• [YOUR TASK]:
Exact reproduction of every record is required, and pictures are to be excluded.

══ AVAILABLE DATA ══

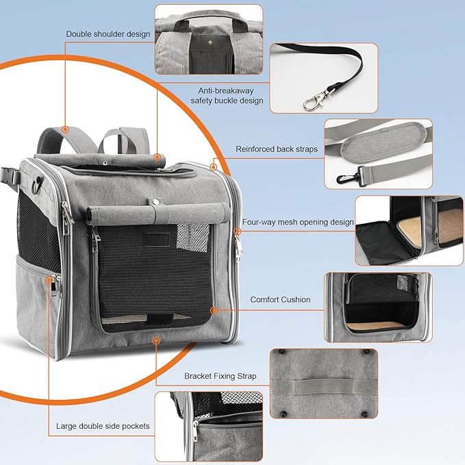 - Versatile Pet Carrier: This multifunctional dog bike basket is not only perfect for cycling but also doubles as a backpack. Adjust it to suit your and your pet's needs for daily outings or adventurous trips. The foldable design provides easy storage when not in use, while multiple side pockets and a handy waste bag dispenser help keep your pet essentials organized.
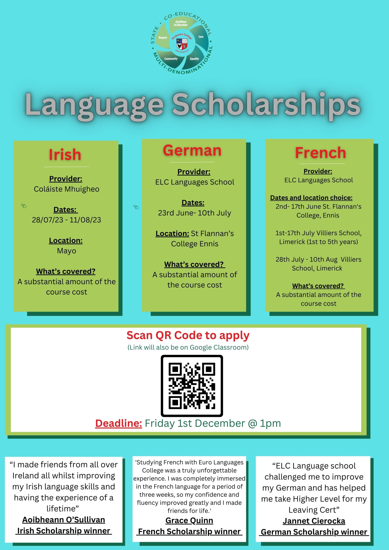 Students who wish to apply for the scholarships can do so via the QR code that will be available on the school's Facebook page and on posters in the school, as well as through their Language Google Classroom.
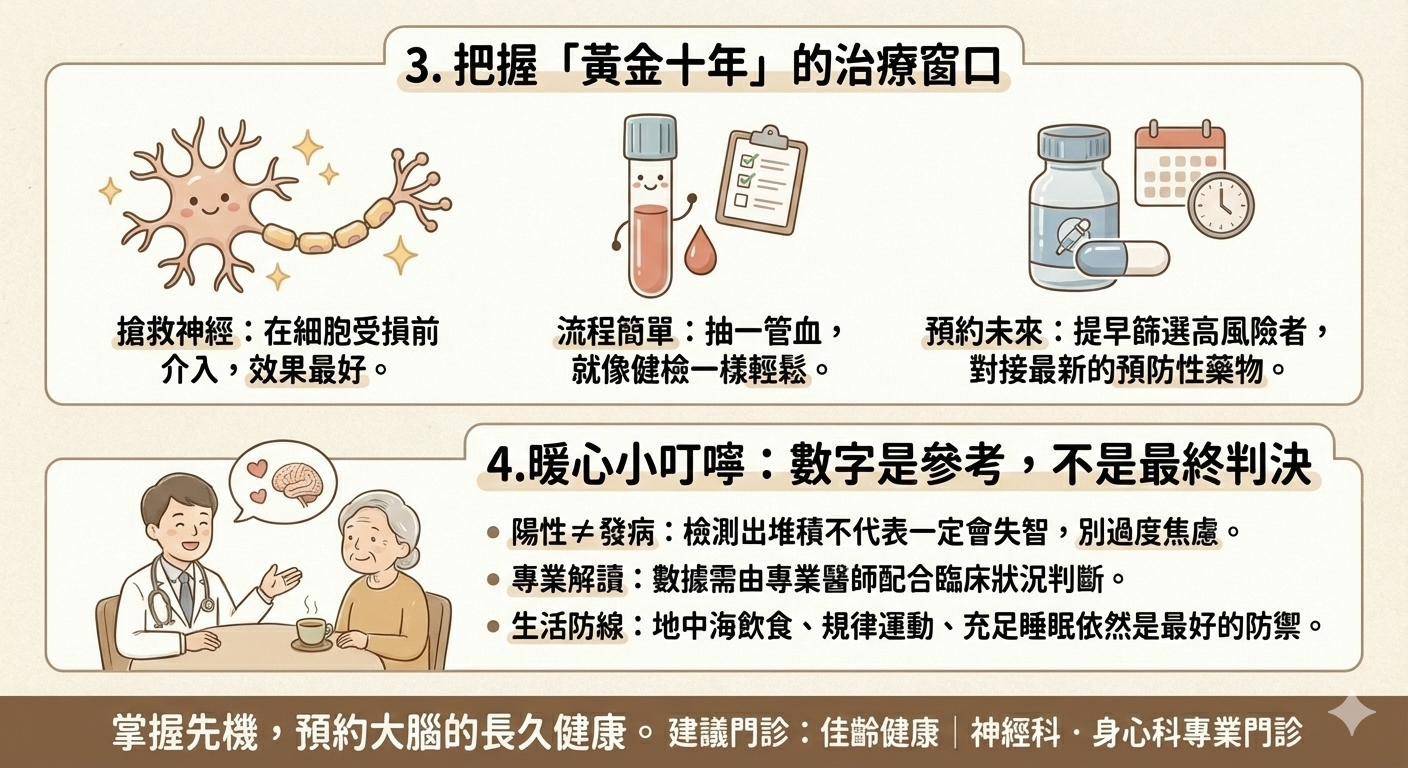 - 陽性不等於絕對發病:大腦有類澱粉蛋白堆積,並不代表最終一定會發展成失智症 。目前的科學仍無法 100% 預測發病的時間與機率 。
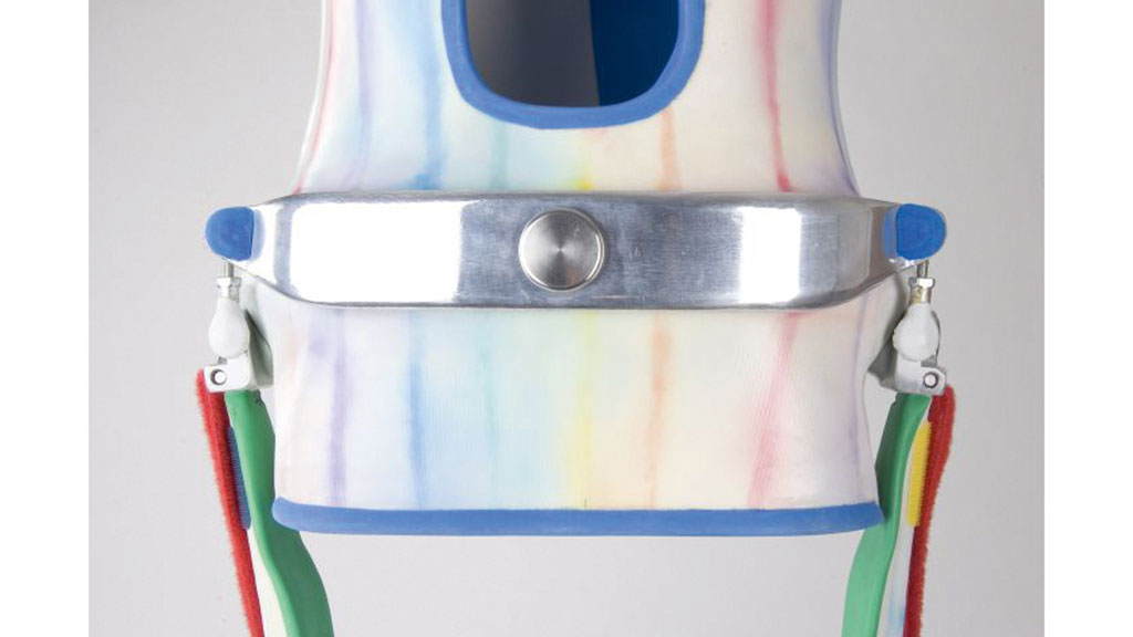 Gefertigt werden diese aus PE oder Acrylharz mit einer Polsterung. Die erste Möglichkeit für diese Kinder, sich im senkrechten Zustand in einem begrenzten Raum selbstständig fortzubewegen und ein erstes Gefühl für den Raum zu erhalten, bietet der Go-LiTe (Abb. 18). Der Go-LiTe ist die Weiterentwicklung der vorhandenen Swivelwalkersysteme. Er wird komplett aus Carbonfasern gefertigt; dadurch wird eine deutliche Gewichtsersparnis zu vergleichbaren Systemen erreicht. Zusätzlich wurde der Schwerpunkt tiefer gesetzt, um Stabilitätssicherheit zu erreichen. Als Orthese wird eine beckenhohe, statische Orthese verwendet.
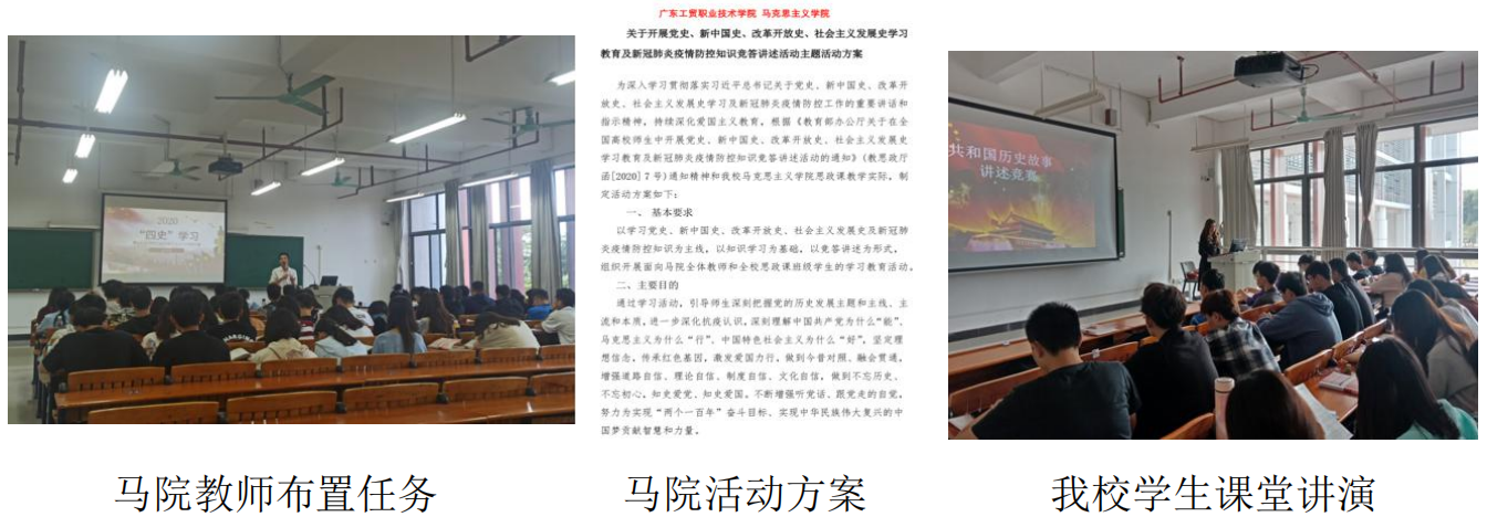 为深入学习贯彻落实习近平总书记关于党史、新中国史、改革开放史、社会主义发展史学习及新冠肺炎疫情防控工作的重要讲话和指示精神,根据教育部办公厅关于在全国高校师生中开展“四史”学习教育及新冠肺炎疫情防控知识竞答讲述活动的通知精神和省教育厅的部署安排,结合我校党委的工作要求和思想政治理论课教学实际,马克思主义学院在上个学期开学初制定了《关于开展党史、新中国史、改革开放史、社会主义发展史学习教育及新冠肺炎疫情防控知识竞答讲述活动主题活动方案》,马院教师积极响应方案要求,在班级中组织学生开展相关讲演活动。
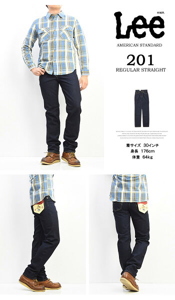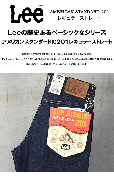 Lee リー アメリカンスタンダード 201 レギュラーストレート デニム ジーンズ 02010-100 股上深め パンツ メンズ 大きいサイズあり 日本製 定番 Lee 送料無料 ワンウォッシュ
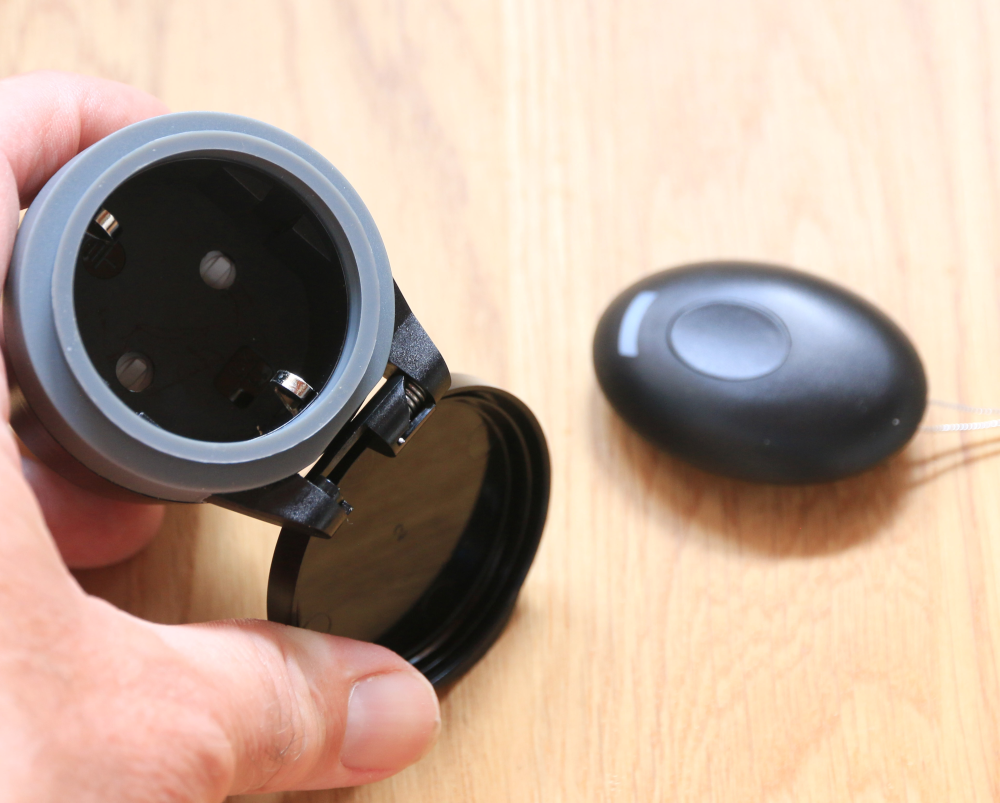 Den lille stikprop håndterer blot et enkelt apparat og genial, når jeg på vej hjem fra job vil tænde for espressomaskinen, så den er klar, når jeg lander på matriklen.
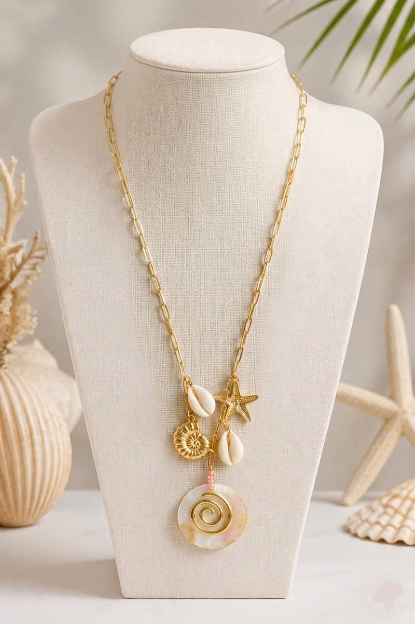 أضيفي لمسة بحرية أنيقة لإطلالتك مع عقد "أصداء المحيط". مصنوع من الفولاذ المقاوم للصدأ المتين ومزين بالقواقع. مثالي للمصيف. تسوقي الآن!

═══

• [ANSWER BELOW]:
 - Versatile Pet Carrier: This multifunctional dog bike basket is not only perfect for cycling but also doubles as a backpack. Adjust it to suit your and your pet's needs for daily outings or adventurous trips. The foldable design provides easy storage when not in use, while multiple side pockets and a handy waste bag dispenser help keep your pet essentials organized.
 Students who wish to apply for the scholarships can do so via the QR code that will be available on the school's Facebook page and on posters in the school, as well as through their Language Google Classroom.
 - 陽性不等於絕對發病:大腦有類澱粉蛋白堆積,並不代表最終一定會發展成失智症 。目前的科學仍無法 100% 預測發病的時間與機率 。
 Gefertigt werden diese aus PE oder Acrylharz mit einer Polsterung. Die erste Möglichkeit für diese Kinder, sich im senkrechten Zustand in einem begrenzten Raum selbstständig fortzubewegen und ein erstes Gefühl für den Raum zu erhalten, bietet der Go-LiTe (Abb. 18). Der Go-LiTe ist die Weiterentwicklung der vorhandenen Swivelwalkersysteme. Er wird komplett aus Carbonfasern gefertigt; dadurch wird eine deutliche Gewichtsersparnis zu vergleichbaren Systemen erreicht. Zusätzlich wurde der Schwerpunkt tiefer gesetzt, um Stabilitätssicherheit zu erreichen. Als Orthese wird eine beckenhohe, statische Orthese verwendet.
 为深入学习贯彻落实习近平总书记关于党史、新中国史、改革开放史、社会主义发展史学习及新冠肺炎疫情防控工作的重要讲话和指示精神,根据教育部办公厅关于在全国高校师生中开展“四史”学习教育及新冠肺炎疫情防控知识竞答讲述活动的通知精神和省教育厅的部署安排,结合我校党委的工作要求和思想政治理论课教学实际,马克思主义学院在上个学期开学初制定了《关于开展党史、新中国史、改革开放史、社会主义发展史学习教育及新冠肺炎疫情防控知识竞答讲述活动主题活动方案》,马院教师积极响应方案要求,在班级中组织学生开展相关讲演活动。
 Lee リー アメリカンスタンダード 201 レギュラーストレート デニム ジーンズ 02010-100 股上深め パンツ メンズ 大きいサイズあり 日本製 定番 Lee 送料無料 ワンウォッシュ
 Den lille stikprop håndterer blot et enkelt apparat og genial, når jeg på vej hjem fra job vil tænde for espressomaskinen, så den er klar, når jeg lander på matriklen.
 أضيفي لمسة بحرية أنيقة لإطلالتك مع عقد "أصداء المحيط". مصنوع من الفولاذ المقاوم للصدأ المتين ومزين بالقواقع. مثالي للمصيف. تسوقي الآن!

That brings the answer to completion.